Class Diagram http://img11.imageshack.us/img11/499/kcluster.png
Well, I would first tackle all the constants/magic numbers that reduce the reusability of the algorithm:
instead of a fixed number of iterations, use a stopping criterion (e.g., if clusters don't change too much, terminate)
don't restrict yourself to 2-dim data, use vectors
let the user define the number of clusters to be found
Then, you could hide some specifics behind interfaces, e.g. the distance might be calculated differently (for example, it might at some point have to cope with values other than double).
On the other hand, if you really have this simple problem, some of these generalizations might well be overkill - but that's what I would discuss with someone telling me to implement this algorithm.

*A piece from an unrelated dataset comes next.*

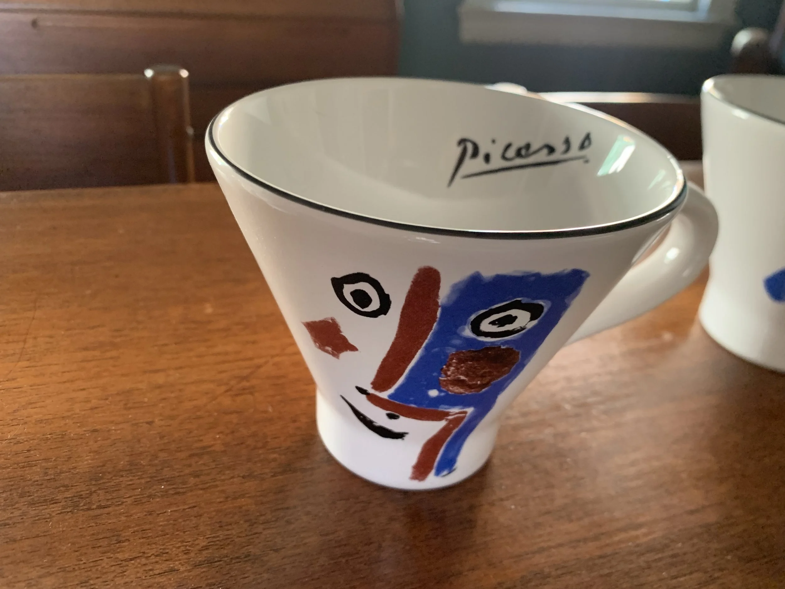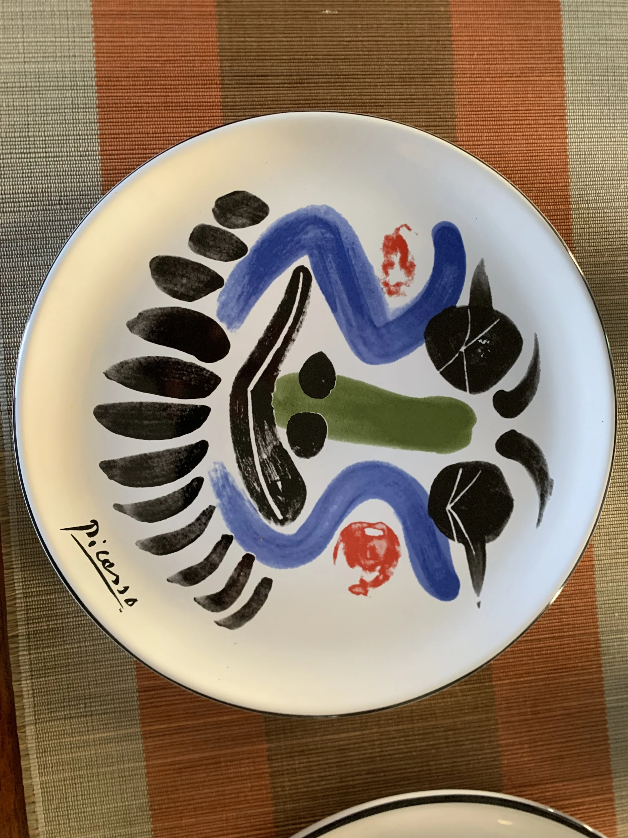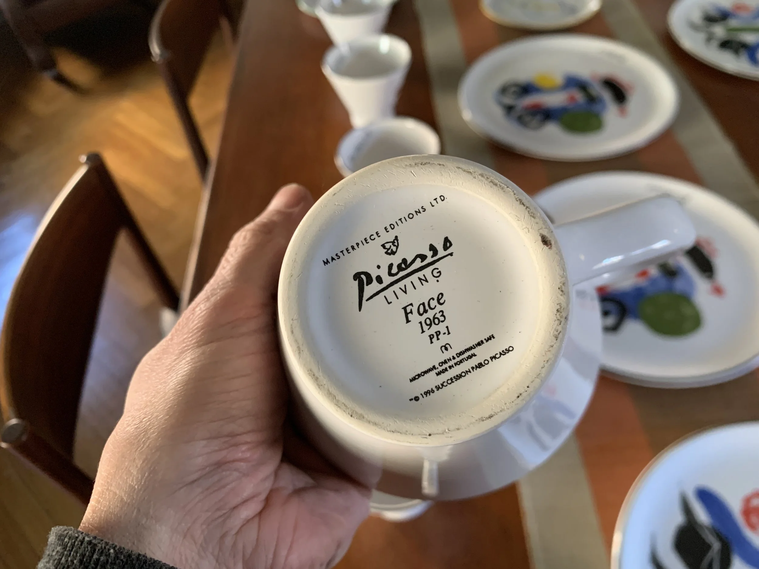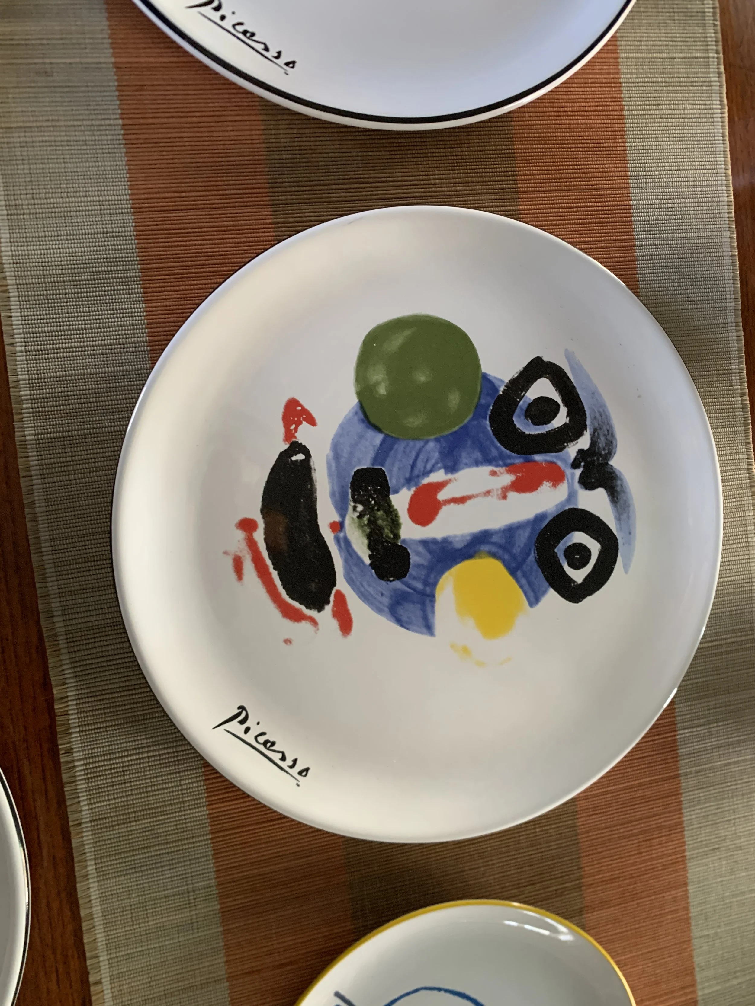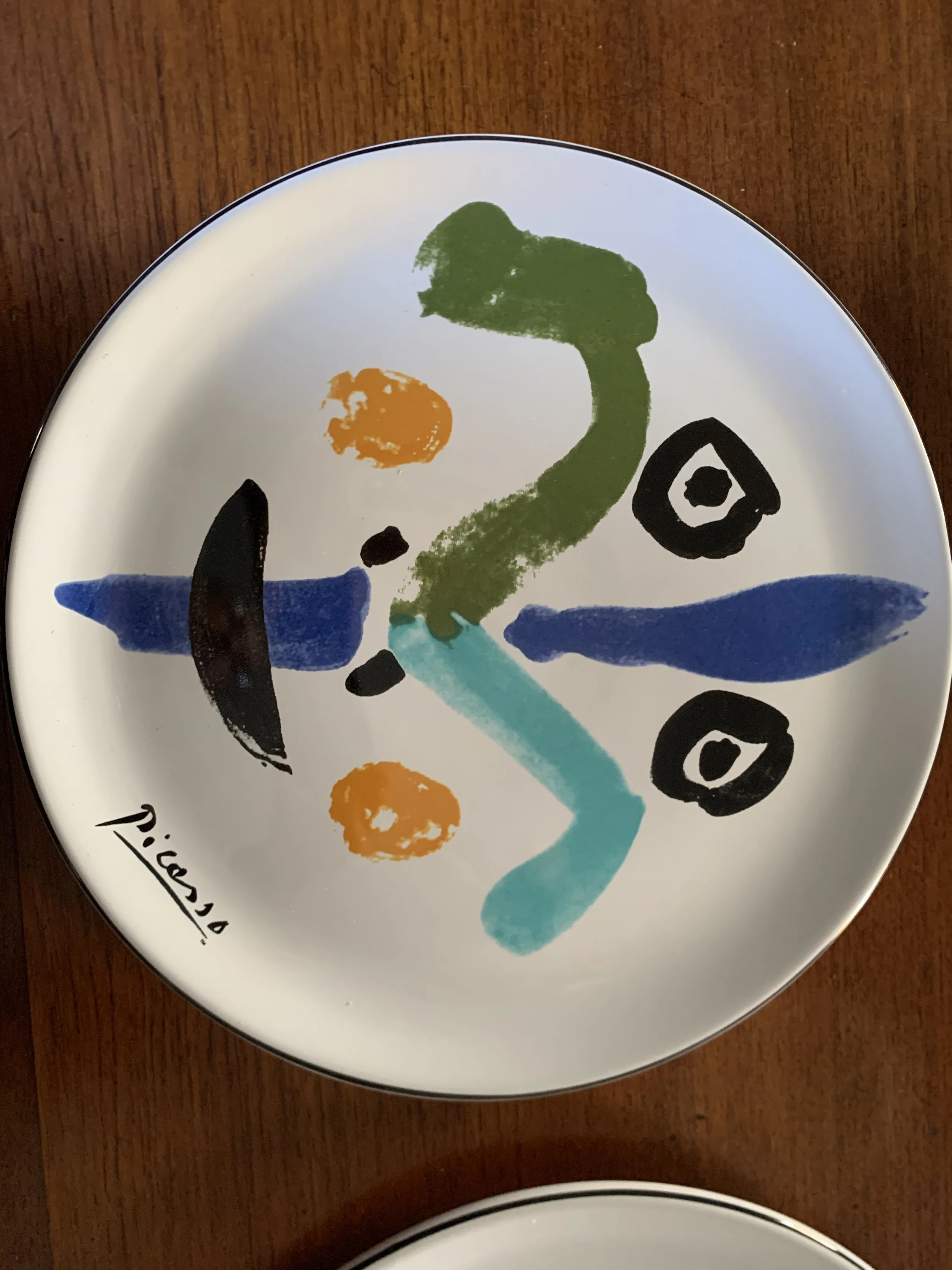 Large set of Picasso Living collection dinnerware. The "Face" Collection (1963) features minimalist, abstract faces on a white background with a thin black rim. This vintage dinnerware, produced in the mid-1990s by Masterpiece Editions Ltd., were typically manufactured in Portugal or Thailand and feature high-quality reproductions of Pablo Picasso's original artworks.

You can create the following classes:
Person to store data about persons and centers. Properties: id, weight and height. Method: calculateDistance
Cluster to store one center and a list of persons: Properties: center and list of Person. Method: calculateCenter.
KCluster to hold your algorithm and store a list of clusters: Property: list of Cluster. Methods: generateClusters.
I'm not sure what your question actually is, the steps you point out effectively define the algorithm you're talking about.
A better idea may be to include exactly what you did then people can give you some hints / tips as to where you might have gone wrong or what they would have done differently.
That sounds like a really good way to do it. K-means will usually converge quickly (though not necessarily to the global optimum), so my one suggestion would be to run the algorithm until no more changes occur, rather than a fixed number of 1000 iterations. You could then repeat the entire process a few times with different random starting points.
One weakness of k-means is that it does require you to specify (i.e. guess) an appropriate value for k up-front. I think you would get points for asking the interviewer what an appropriate value for k would be, or, if there is no way to know, describing some goodness-of-fit measure and then calculating that measure for different values of k to find a "just low enough" value.